Malam menjelang, Fumi mengantarkan Akira ke rumah sakit, ia juga menjenguk Livia bahkan menunggu orang yang akan menjemput Akira nanti. Fumi memilih untuk menjaga Livia dari pada ikut menghadiri acara pertunangan Akira yang hanya di hadiri oleh keluarga dari pihak calonnya. Akira juga tidak mempermasalahkan soal itu, justru ia merasa lega jika Livia ada yang menemani.
Sreeet
Suara pintu terbuka berhasil mengalihkan pandangan Fumi, dan disana ada Reiner, orang yang membuka pintu tersebut.
"Aku membawakan mu cemilan dan juga hot coffee." Ucap Reiner menghampiri Fumi. "Tadi Akira mengirim pesan kalau kamu ada disini jagain tante Livia." Lanjutnya."Terima kasih." Ujar Fumi yang menerima makanan dan minuman dari Reiner, sementara Reiner hanya menganggukan kepala. Suana pun menjadi sunyi, Reiner merasa gugup dengan keadaan saat ini, sedangkan Fumi kembali teringat dengan kata kata Reiner pada saat itu.

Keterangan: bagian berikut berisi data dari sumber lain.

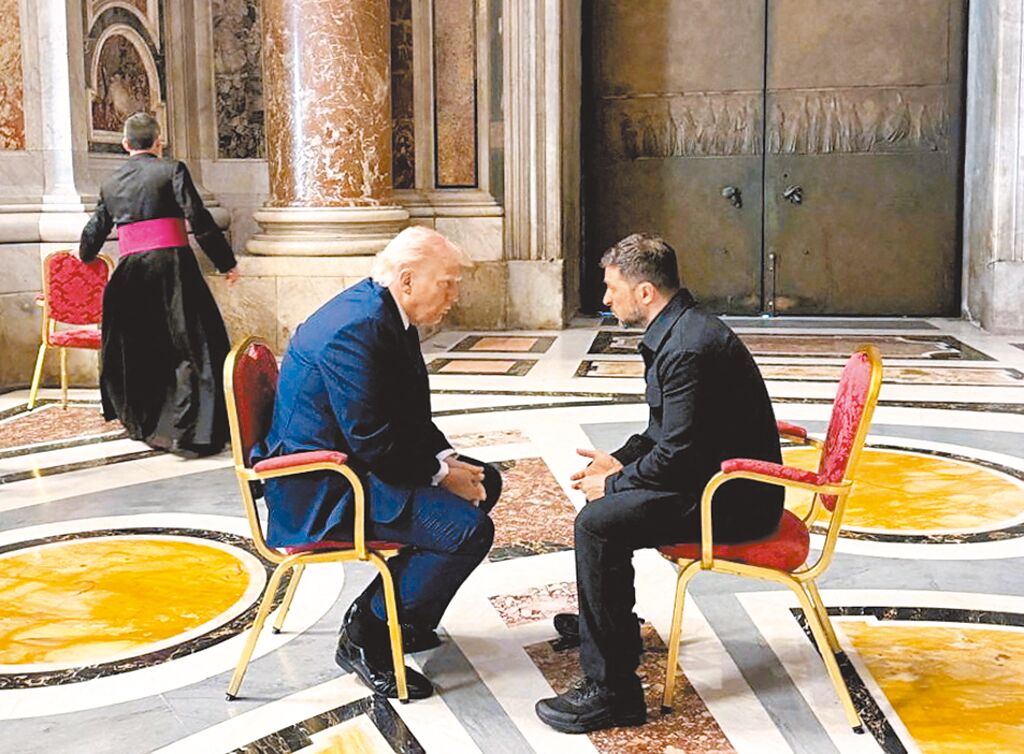 ▲特朗普许多谈判目标尚未实现,俄乌战争仍在持续,且特朗普已多次扬言撤手不管。图为特朗普与泽连斯基4月26日在梵蒂冈会谈。(路透)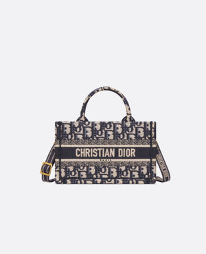 The DR Book Tote is a House classic and original design by Maria Grazia Chiuri, Creative Director of DR. The style is fully embroidered with the House's hallmark blue DR Oblique motif and showcases the DR Paris signature. Exemplifying House savoir-faire, the miniature style features an adjustable and removable strap that allows it to be carried by hand, worn over the shoulder or crossbody.

"Fumi... Apa kamu masih menyukai Akira?"
"Kenapa tanya hal itu?"
"Akira sangat mencintai Yusa dan dia tidak sadar kalau kamu mencintainya juga, tidak kah kamu merasa sakit dengan perasaan yang tak terbalas itu? Bahkan kamu sudah menyimpannya hingga bertahun tahun lamanya?"
"Itu urusan ku."
"Jika... Jika ada seseorang yang mencintai mu dan akan berusaha untuk membantu mu menghilangkan perasaan mu terhadap Akira, bagaimana? Apakah kamu akan memberikannya kesempatan?"

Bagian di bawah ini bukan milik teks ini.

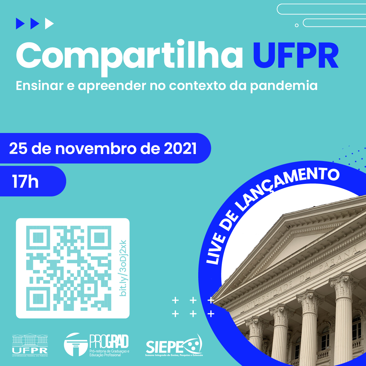 Por fim, quinta-feira (25), assim como as demais, às 17h, acontece a live de lançamento do “Compartilha UFPR”, que tem o objetivo de divulgar resultados de pesquisas, relatos de experiências e memórias sobre o ensino de graduação em tempos de pandemia. A live marca o lançamento do site do Compartilha, promovendo um bate papo entre autores e divulgando os trabalhos selecionados pelo programa. O live de lançamento também será pelo canal da PROGRAD UFPR no YouTube.

"Entah, aku tidak tau. Lagi pula aku tidak yakin kalau aku bisa mencintai orang lain selain Akira. Karena kenyatannya, hingga bertahun tahun lamanya, hanya Akira yang selalu berada di hati ku."
"Aku rasa, itu karena kamu tidak pernah mau mencoba untuk membuka hati mu kepada orang lain. Akira pernah bercerita pada ku, kalau kamu selalu menolak setiap orang yang datang menyatakan cintanya. Fumi, bisa kah sekarang kamu menyerah terhadap Akira dan mulai belajar membuka hati mu?"
"Kalau pun aku mencoba membuka hati ku, apa kau pikir ada orang yang mau menerima ku jika hati ku masih milik orang lain? Seandainya aku tidak mengatakannya, pasti sikap ku tidak akan membuat orang itu nyaman dan hubungan itu akan berakhir dalam sekejab. Lagi pula, aku tidak dekat dengan siapa pun saat ini."
"Aku!"
"Hah?"
"Aku orang yang akan menerima mu apa adanya sekali pun hati mu masih milik Akira. Aku akan terus berusaha membuat mu jatuh cinta pada ku, sekali pun membutuhkan waktu satu tahun lamanya, aku akan berusaha! Asalkan... Kamu benar benar mencoba untuk membuka hati mu untuk ku dan mulai belajar menghilangkan perasaan mu kepada Akira, tidak usah terburu buru, karena aku akan selalu menunggu. Jadi Fumi, mau kah kamu menerima ku?"
"Aku akan mencobanya." Ucap Fumi seketika memecahkan keheningan.
"Huh? Mencoba apa?" Tanya Reiner bingung.
"Menjalin hubungan dengan mu, dan belajar untuk membuka hati ku." Jawab Fumi dengan memandang Reiner tajam.
Senyuman mulai merekah pada wajah Reiner, bahkan kedua matanya nampak berbinar. "Terima kasih banyak Fumi, aku akan berusaha untuk membuat mu jatuh cinta pada ku!"